YOUR GOAL:
What is needed is a word-for-word copy of the lines below from the one with "Вхідна документація >" through the one with "La primera vez", both included, with every picture left out.

EXERCISE INPUT:
****

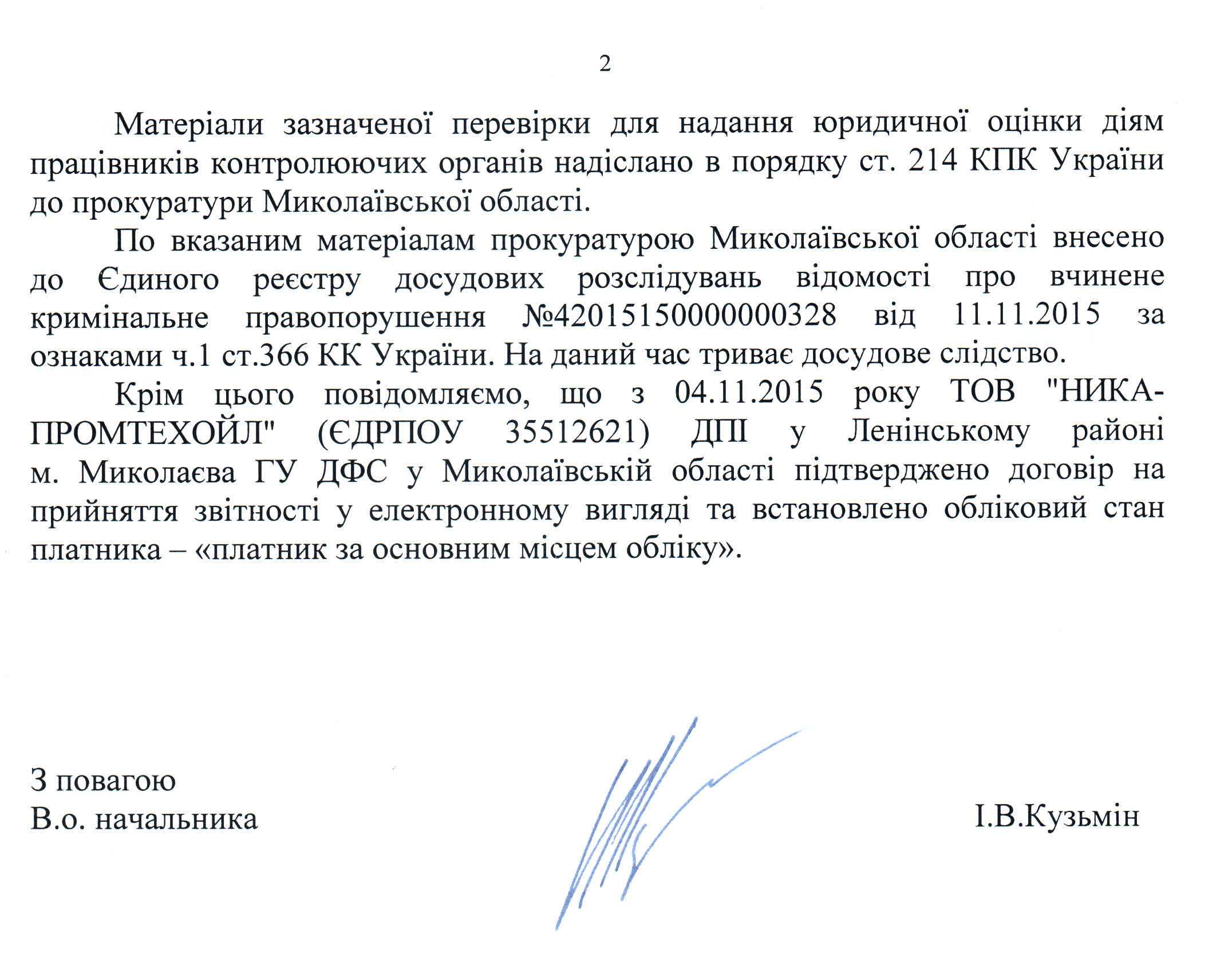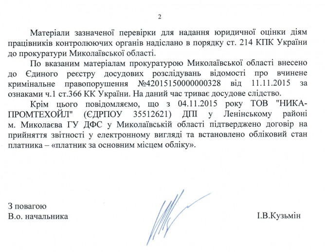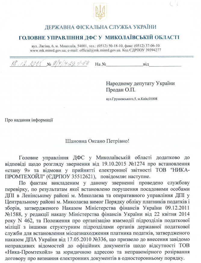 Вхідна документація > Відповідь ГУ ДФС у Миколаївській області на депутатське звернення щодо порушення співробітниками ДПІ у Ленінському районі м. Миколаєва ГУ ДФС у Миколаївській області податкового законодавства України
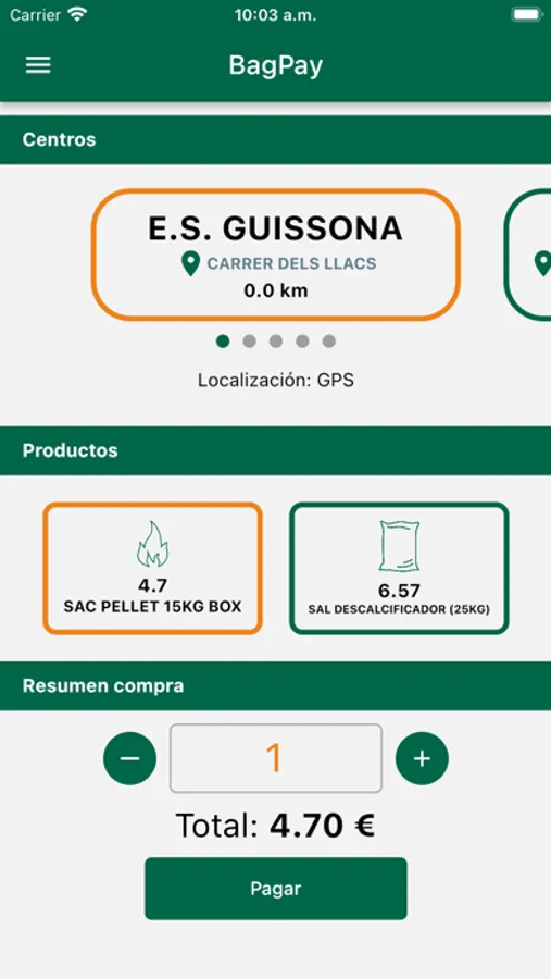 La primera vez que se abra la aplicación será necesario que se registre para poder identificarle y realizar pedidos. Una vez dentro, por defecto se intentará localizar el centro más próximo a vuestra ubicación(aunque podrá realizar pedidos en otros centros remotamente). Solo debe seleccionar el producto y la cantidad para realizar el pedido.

****

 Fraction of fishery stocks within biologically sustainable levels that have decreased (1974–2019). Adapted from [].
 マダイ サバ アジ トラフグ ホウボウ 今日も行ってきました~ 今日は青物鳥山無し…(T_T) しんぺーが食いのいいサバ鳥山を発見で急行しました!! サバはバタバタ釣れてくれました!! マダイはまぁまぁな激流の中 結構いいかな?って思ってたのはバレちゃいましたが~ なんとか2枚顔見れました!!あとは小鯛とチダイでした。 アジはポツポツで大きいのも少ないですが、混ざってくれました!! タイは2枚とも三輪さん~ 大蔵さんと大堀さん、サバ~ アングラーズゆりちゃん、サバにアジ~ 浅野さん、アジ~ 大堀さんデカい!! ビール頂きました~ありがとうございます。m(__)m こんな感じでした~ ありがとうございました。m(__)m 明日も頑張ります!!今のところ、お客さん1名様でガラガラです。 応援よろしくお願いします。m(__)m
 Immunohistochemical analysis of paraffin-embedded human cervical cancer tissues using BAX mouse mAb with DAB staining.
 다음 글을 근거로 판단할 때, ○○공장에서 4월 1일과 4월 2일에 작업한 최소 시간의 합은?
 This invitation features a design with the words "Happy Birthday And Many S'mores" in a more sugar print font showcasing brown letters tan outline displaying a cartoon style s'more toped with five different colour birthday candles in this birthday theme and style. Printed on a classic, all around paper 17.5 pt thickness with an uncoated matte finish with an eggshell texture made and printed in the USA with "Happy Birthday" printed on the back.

****

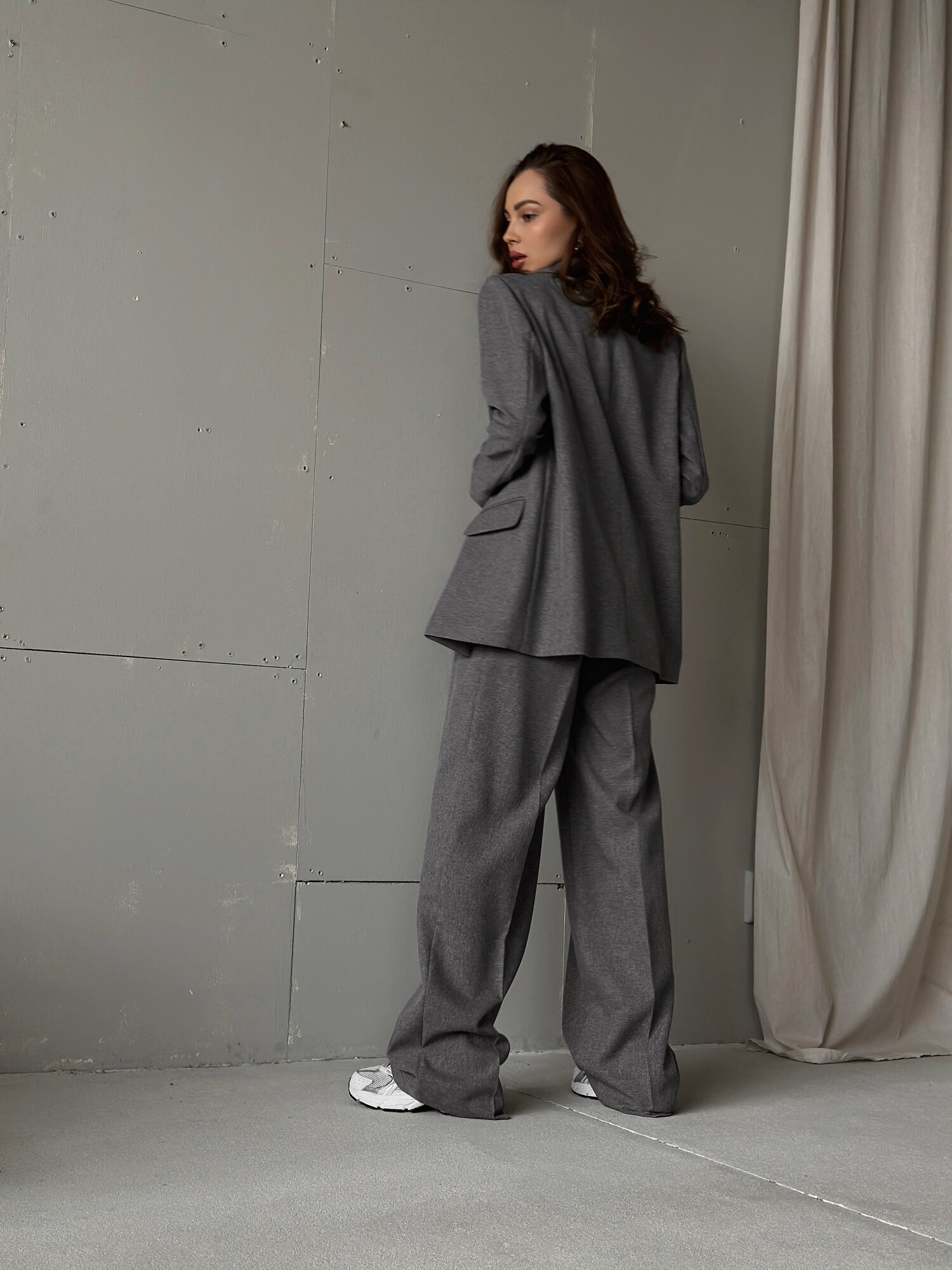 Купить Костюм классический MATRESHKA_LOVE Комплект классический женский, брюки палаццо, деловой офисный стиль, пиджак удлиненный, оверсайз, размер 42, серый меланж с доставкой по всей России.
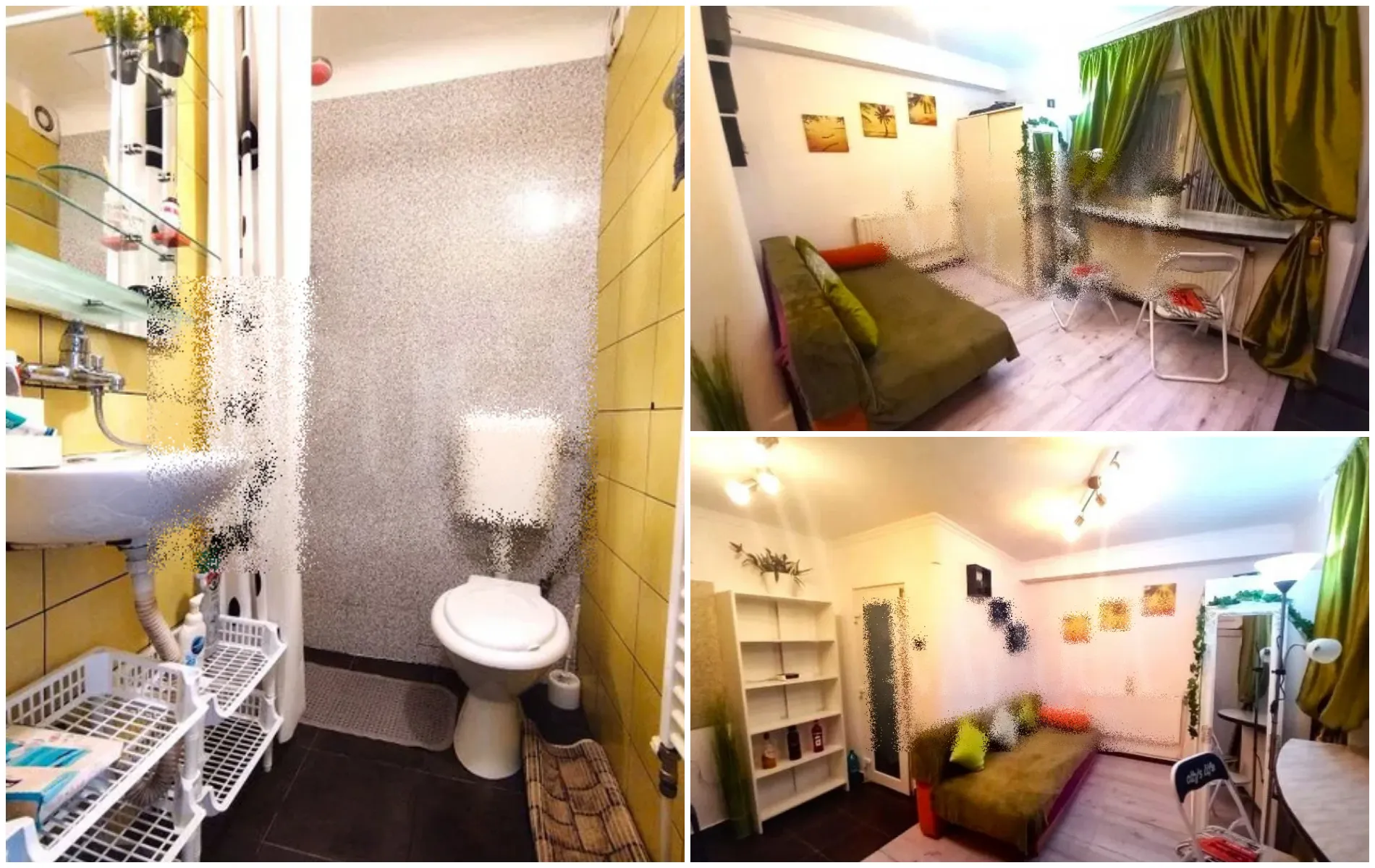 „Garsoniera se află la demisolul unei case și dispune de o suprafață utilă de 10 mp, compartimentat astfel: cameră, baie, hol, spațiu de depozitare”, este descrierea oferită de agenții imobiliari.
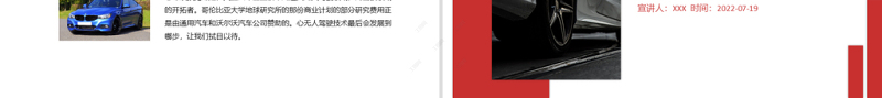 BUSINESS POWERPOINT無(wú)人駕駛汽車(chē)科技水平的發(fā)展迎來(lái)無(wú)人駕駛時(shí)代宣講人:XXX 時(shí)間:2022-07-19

****

SOLVED PROBLEM:
 Вхідна документація > Відповідь ГУ ДФС у Миколаївській області на депутатське звернення щодо порушення співробітниками ДПІ у Ленінському районі м. Миколаєва ГУ ДФС у Миколаївській області податкового законодавства України
 La primera vez que se abra la aplicación será necesario que se registre para poder identificarle y realizar pedidos. Una vez dentro, por defecto se intentará localizar el centro más próximo a vuestra ubicación(aunque podrá realizar pedidos en otros centros remotamente). Solo debe seleccionar el producto y la cantidad para realizar el pedido.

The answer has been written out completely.